The first thing to note is that AI, machine learning, and sports predictions are not a new combination. Supercomputers have been churning out predictions for years, decades even. As with Euro 2024 this summer, every major sports event tends to have “supercomputer predicts X outcome” articles picked up by tabloid newspapers. But the frequency of those articles down the years has built a consensus that they aren’t very good. Some of this is simply due to the nature of sports. We saw several supercomputers predict that Brazil would win the 2022 World Cup. Yet, Brazil flopped, and the eventual winner was Argentina, a team rarely spat out by the AI number-crunching.

None of this should be surprising, of course. If we look at something like horse racing betting, it makes sense that the odds are set through the judgment of the fastest and strongest horses.  Data analysis can make things more interesting. What happens if X horse races against Y for the first time? How will this horse handle the rain? – Yet any racing fan will tell you that a horse can do inexplicable things, including refusing to race. You simply cannot model an animal’s brain.

If the previous statements are understood, i.e., that animals and humans can do unpredictable things that make sports difficult to accurately predict, then what is the point of using AI in the first place?
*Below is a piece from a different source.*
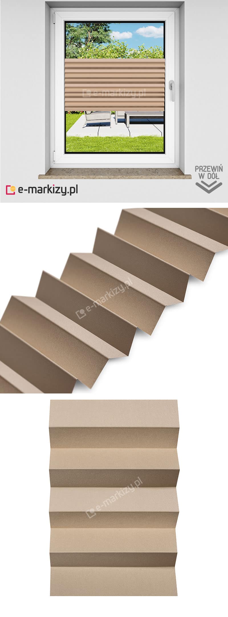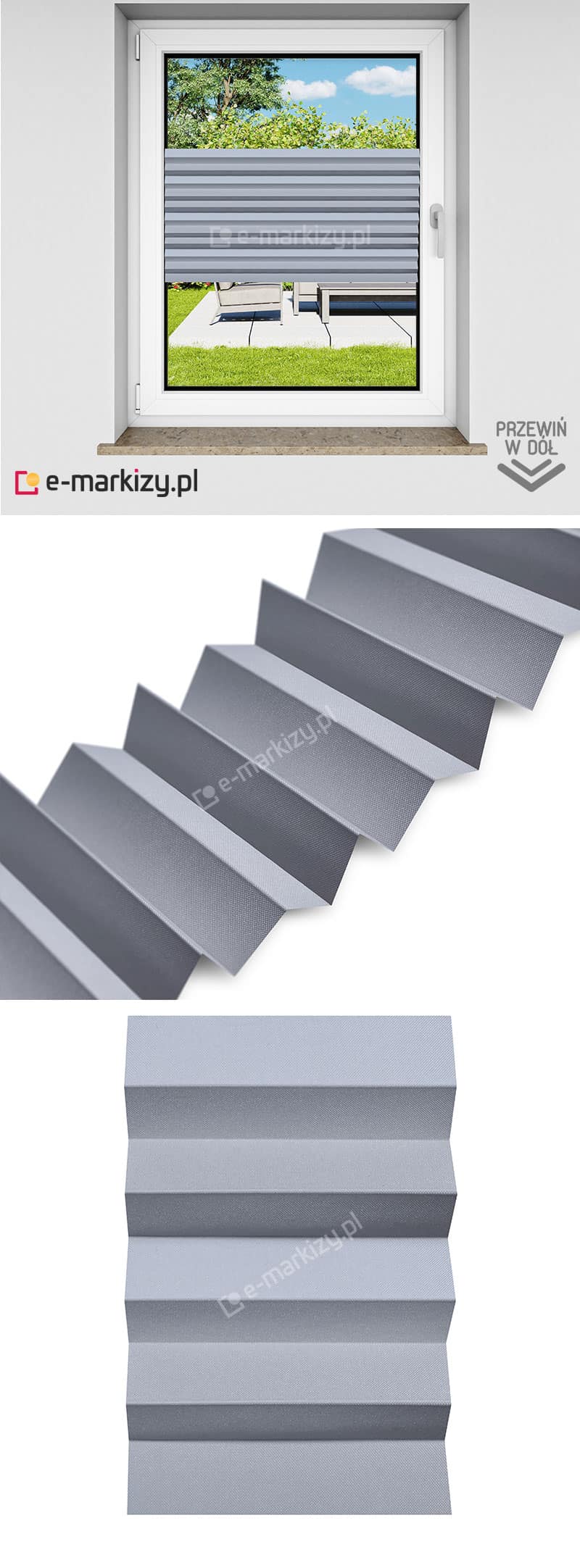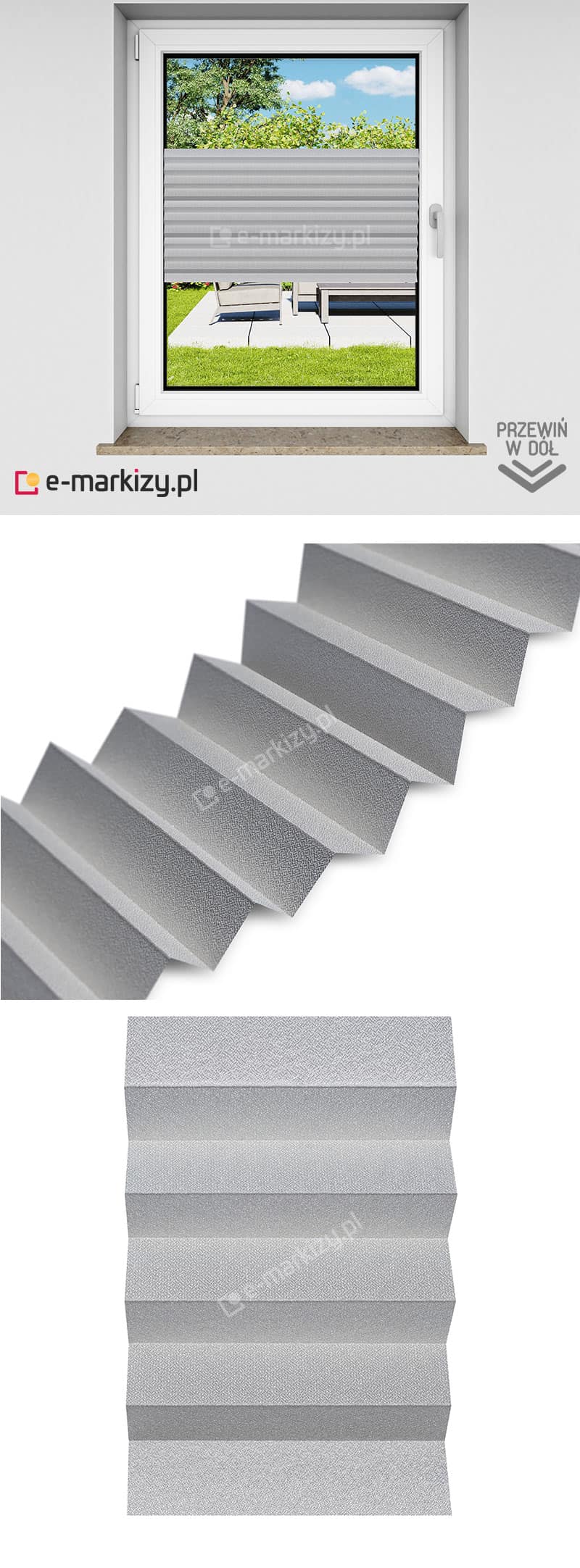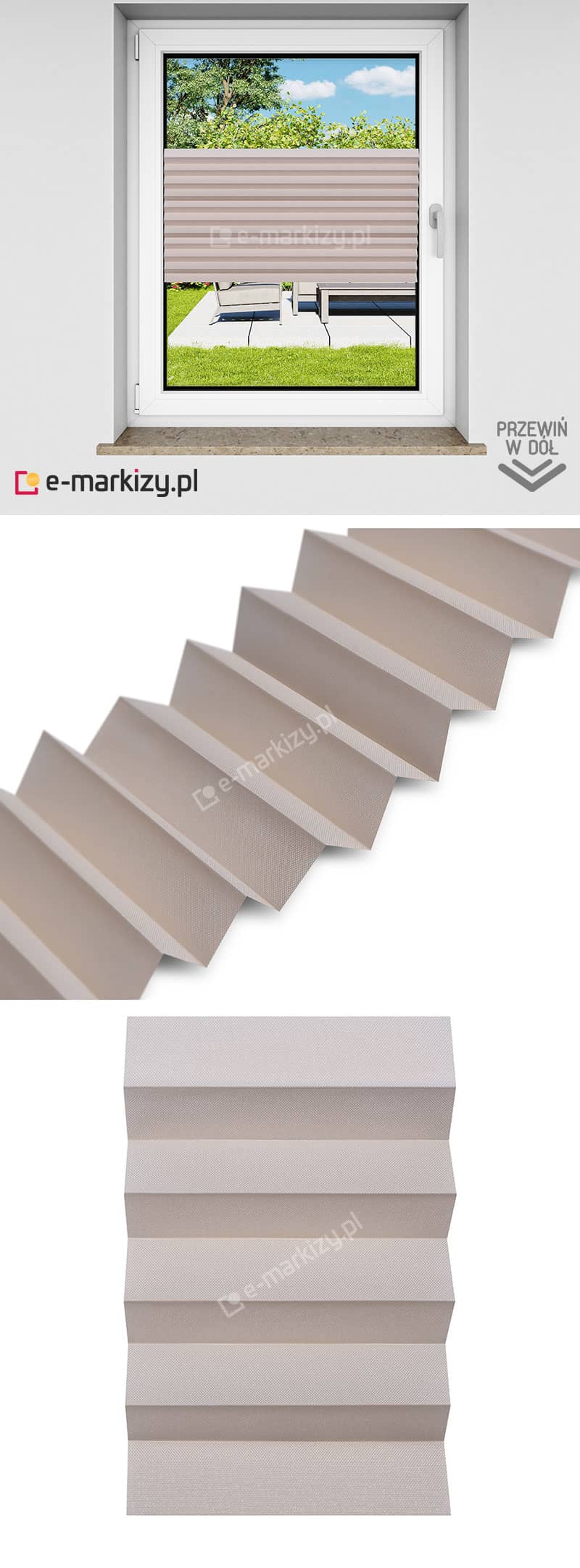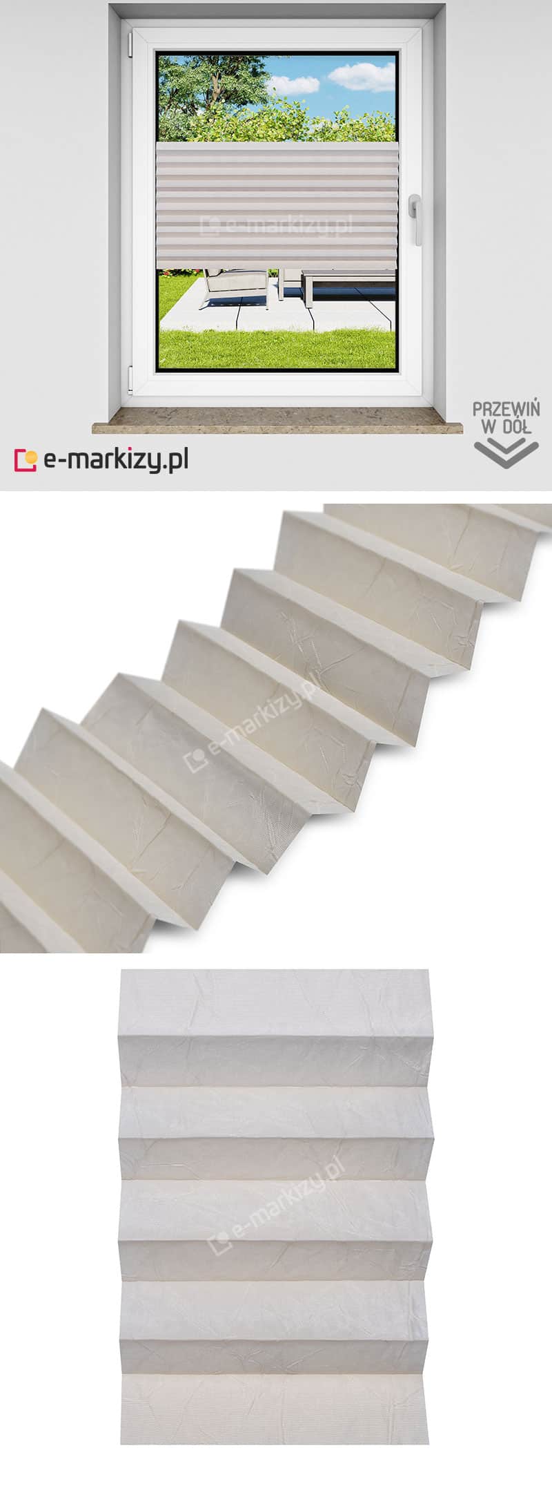 Ze względu na właściwości tkanin plisowanych, po zwinięciu mogą różnić się odcieniem od tkaniny rozwiniętej, nie stanowi to wady materiału.

The answer, broadly, lies in the fact that its usefulness is not supposed to be found in viewing it as a perfect model. An AI sports prediction model is supposed to tell us the most likely outcome based on available data. That’s different from telling us what will happen.

Human predictions remain valid

Keeping that last part in mind shows the usefulness of AI sports predictions compared to human ones. We can read a handful of data points – a football team’s form, previous results between two teams, and so on. AI can look at and compare millions of them. We humans and the AI are doing the same thing, but the latter is doing it a much vaster scale. And that’s the rub: the nature of sports remains the same, so there is never going to be a magic answer regardless of the amount of data analyzed.

While AI offers significant accuracy improvements in predictions, it lacks the nuanced understanding and intuition that human experts bring to the table – this is because humans understand humans better, and sport is a human endeavor. Thus, the best approach combines AI’s analytical power with human intuition and experience. Ultimately, AI is a valuable tool, but not a replacement for the human element in sports predictions.